The combination of high pricing and low occupancy is a major contributing factor to the freezing of property sales, according to Costello.
“Owners are backward looking — if they see what something sold for six months ago, they want it to sell at that rate. Meanwhile, a buyer is looking forward at the worst-case scenarios of the current downturn. With those forces at opposite sides of the table, we’re at an impasse for now.”
“If somebody has to sell today they may not get the pricing they want,” continues Costello. “But they’re just not going to sell if they don’t have to.”
Blazejewski agrees, explaining that the main cause of the slow transaction activity is clearly the bid-ask spread. “There is a significant difference in expectations between buyers and sellers.”
In fact, PGIM Real Estate is one of those potential sellers that’s holding onto its properties. The closed-end-fund investor had just finished investing the capital raised in its fifth fund when the pandemic hit, meaning the company should have been entering selling mode. However, with buyers not offering the pricing PGIM Real Estate wanted and no financial rush to exit the investments, the company has elected to sit and wait.
“We were just getting to where our portfolio was stabilized and we were starting to think about some exits as COVID hit” says Blazejewski.
“We’re not confident we can exit those investments at the pricing we should be getting. We’ve made the decision to ultimately hold onto those assets for later years.
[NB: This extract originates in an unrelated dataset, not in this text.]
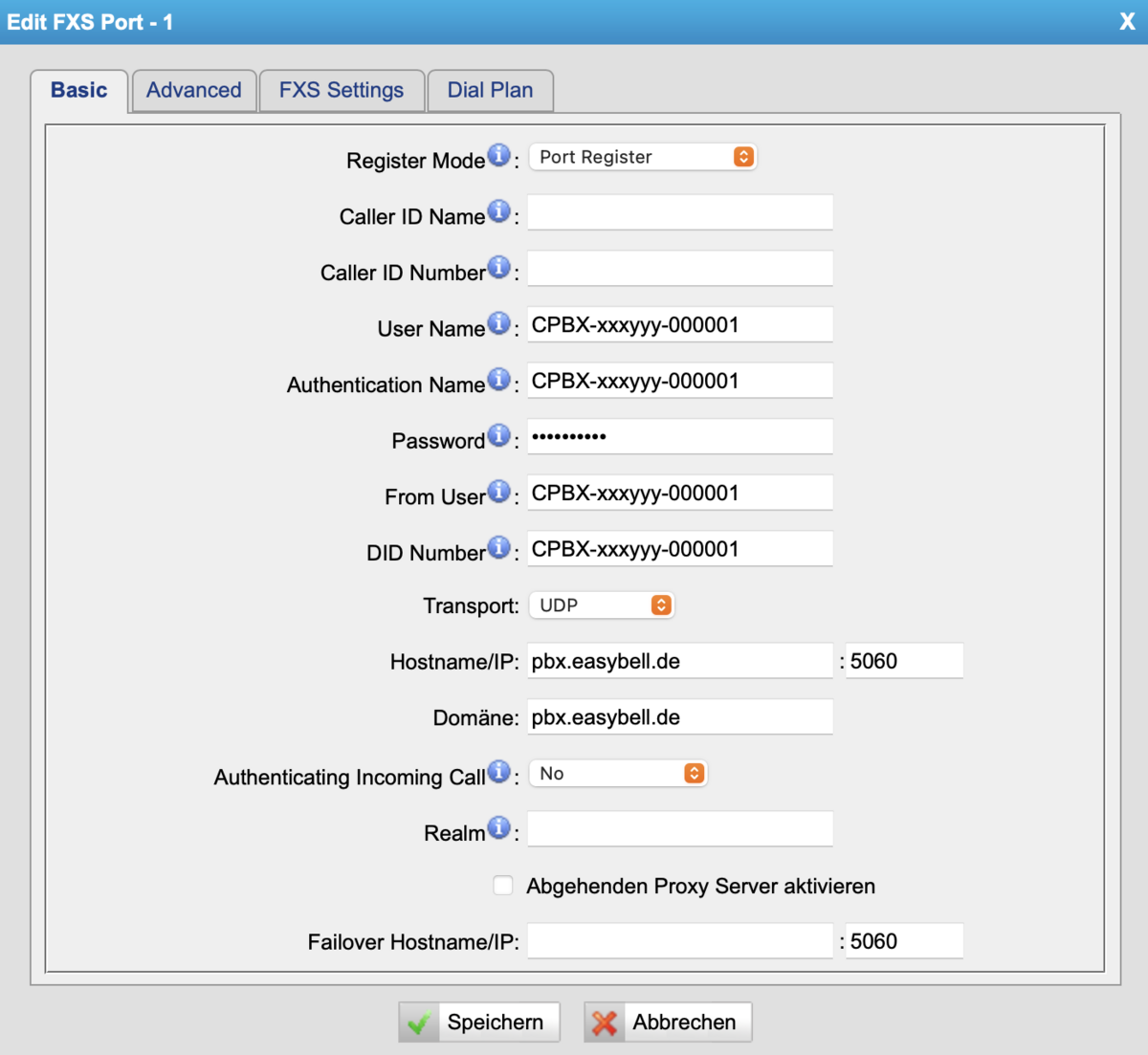 | CallerID Number | SIP-Benutzername | kann leer bleiben |

We’ll wait until the recovery happens.”
“If we can afford not to sell, then we won’t sell until we can get the price we want,” he adds. “The funds aren’t going to be shortsighted unless there’s pressure.”
Costello notes that the Great Recession of 2007-2009 was a “credit-driven recession,” meaning that lenders were foreclosing on many properties and then selling them off at discounted pricing. This recession is driven by low occupancy rates, and owners believe that is a temporary situation.
“With owners knowing there will be a turnaround, they’re not willing to throw the keys at the lender,” says Costello. “Folks are looking at the sector, thinking they can buy at rock-bottom prices, but that’s not as realistic in this recession as it was in the last one.
“There will be some distress, but there will be more efforts to keep the current owner afloat rather than going to a bank and then an auction.”
Sweeney agrees, saying that “given the low-interest-rate environment combined with the favorable supply and demand factors, knowledgeable and discerning buyers are not discounting quality product in defensible markets with experienced and committed operators.”
All that said, she predicts a thawing of the cold relations between sellers and buyers in the near future.
“Investors are looking at 2021 as a potential ripe year to market assets they delayed last year. Expect volume to pick up in the second half of 2021.”
Blazejewski says the timing of the eventual recovery in seniors housing is “the holy grail question.”
“The key aspect of a recovery is notable performance improvement. The industry continues to bleed occupancy. It’s going to take a flattening, then continued or sustained recovery, before you see transactions resume.”